Cost Effectiveness of Partially Hydrolyzed Whey Protein Formula in the Primary Prevention of Atopic Dermatitis in At-Risk Urban Infants in Malaysia

Bhanegaonkar AJ 1, Horodniceanu EG1, Abdul Latiff AH2, Woodhull S3, Khoo PC3, Detzel P4, Ji J1, Botteman MF1

Objectives: To estimate the economic impact of feeding high-risk infants with partially hydrolyzed 100% whey based formula (pHF-W) instead of standard cow’s milk formula (CMF) for the first 4 months of life as a nutritional intervention in the prevention of atopic dermatitis (AD).

Methods: A cohort Markov model was developed to simulate, from birth through age 6, the incidence and cost of AD in high-risk infants fed with pHF-W instead of CMF during the first 4 months of life. Data sources included published literature, market data, and key opionion leader inputs. Key modeled outcomes included reduction in AD risk, time spent post-AD diagnosis, AD-free days, quality-adjusted life years (QALYs), and costs. All results were discounted by 3% per year. Costs were expressed in 2013 Malaysian Ringgit ($).

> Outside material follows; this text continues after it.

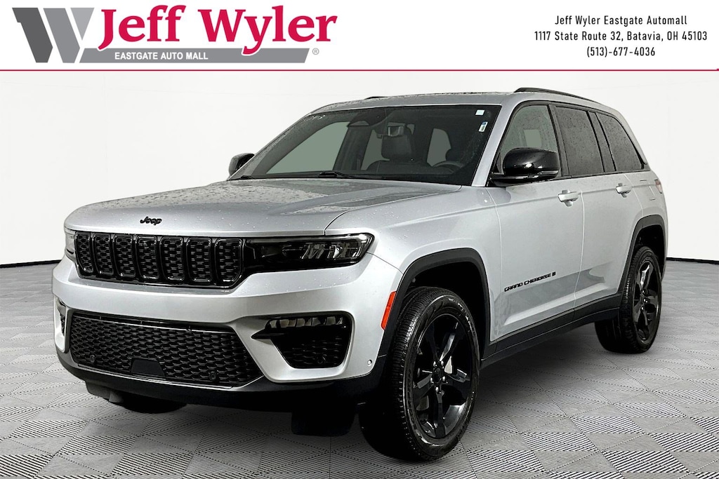 Jeff Wyler Eastgate Auto Mall is honored to offer this good-looking 2025 Jeep Grand Cherokee Limited in Silver Zynith. Well equipped with: Black Appearance Package (Gloss Black Exterior Accents and Wheels: 20" x 8.5" Gloss Black Painted Aluminum), Luxury Tech Group II (2nd-Row Manual Window Shades, Auto-Dimming Exterior Driver Mirror, Capri Leatherette with Axis II Seats, Front/Rear Doors and Liftgate with Passive Entry, Integrated Off-Road Camera, Intersection Collision Assist System, Memory Steering Column, ParkSense Front/Rear Park Assist with Stop, Power Tilt/Telescope Steering Column, Rain Sensitive Windshield Wipers, Rear Back-Up Camera Washer, Rearview Autodim Digital Display Mirror, Surround View Camera System, Ventilated Front Seats, and Wireless Charging Pad), Quick Order Package 22E, 4-Wheel Disc Brakes, 6 Speakers, ABS brakes, Active Noise Control System, Air Conditioning, Alloy wheels, AM/FM radio: SiriusXM with 360L, Anti-whiplash front head restraints, Audio memory, Auto High-beam Headlights, Automatic temperature control, Brake assist, Bumpers: body-color, Capri Leatherette Seats, Compass, Delay-off headlights, Driver door bin, Driver vanity mirror, Dual front impact airbags, Dual front side impact airbags, Dual-Pane Panoramic Sunroof, Electronic Stability Control, Emergency communication system, Four wheel independent suspension, Front anti-roll bar, Front Bucket Seats, Front Center Armrest w/Storage, Front dual zone A/C, Front fog lights, Front License Plate Bracket, Front reading lights, Fully automatic headlights, Garage door transmitter, Heated door mirrors, Heated front seats, Heated rear seats, Heated steering wheel, Illuminated entry, Knee airbag, Low tire pressure warning, Memory seat, Model Year Tracking, Navigation System, Normal Duty Suspension, Occupant sensing airbag, Outside temperature display, Overhead airbag, Overhead console, Panic alarm, ParkView Rear Back-Up Camera, Passenger door bin, Passenger vanity mirror, Power door mirrors, Power driver seat, Power Liftgate, Power passenger seat, Power steering, Power windows, Radio data system, Radio: Uconnect 5 Nav with 10.1" Display, Rear anti-roll bar, Rear reading lights, Rear window defroster, Rear window wiper, Remote keyless entry, Security system, Speed control, Speed-Sensitive Wipers, Split folding rear seat, Spoiler, Steering wheel mounted audio controls, Tachometer, Telescoping steering wheel, Tilt steering wheel, Traction control, Trip computer, Turn signal indicator mirrors, Variably intermittent wipers, Voltmeter, and Wheels: 18" x 8" Polished/Painted Aluminum. CARFAX One-Owner. Clean CARFAX. Ask about available certifications. Used vehicles 10 years of age or newer with less than 100,000 miles are eligible for the Wyler Assurance Program, but eligible vehicles must pass our reconditioning process and multi-point inspection. Provided the vehicle passes inspection, vehicles will be eligible for the 6 month/6,000 mile limited warranty. The 6 month/6,000 mile limited warranty is NOT available on AS-IS vehicles, wholesale vehicles, lease buyback/pass-thru vehicles or un-inspected vehicles. Note that this program can also apply to vehicles where the remaining factory coverage is less than 6 months or 6,000 miles. Please check the Federal Trade Commission (FTC) Buyers guide on the vehicle for full details as to whether or not warranty coverage may apply. Contact Dealer for additional details. The Wyler Assurance 6 month/6,000 Mile limited warranty ends 6 months from the date of the Retail Purchase Agreement (BUYERS ORDER) or when the vehicle's odometer registers 6,000 additional miles to the mileage listed on the BUYERS ORDER, whichever comes first. Your Deductible - The warranty holder on your contract pays the first $100 of each covered repair.

Results: Feeding high-risk infants pHF-W instead of CMF resulted in an estimated absolute 14 percentage point reduction in the risk of AD, a reduction in the time spent post-AD diagnosis of 8.16 months (95% CI: 5.40, 10.03) per child, and an additional 38(95% CI: 16, 62) AD-free days per child. The AD-related cost estimates when feeding high-risk infants with pHF-W or CMF were $1,766 (95% CI: $1,389, $2,267) and $2,882 (95% CI: $2,531, $3,239) per child, respectively, resulting in a net difference in favor of pHF-W of $1,116 (95% CI: $650, $1464) per child. Considering those who do develop AD, the mean annual cost of AD was $1882 (across both arms) per child with AD. The mean cost of AD over the entire period was $7851 (across both arms) per child with AD.

Conclusions: Using pHF-W instead of CMF in high-risk infants is expected to result in reduction in the burden of AD and save $1,116 per child.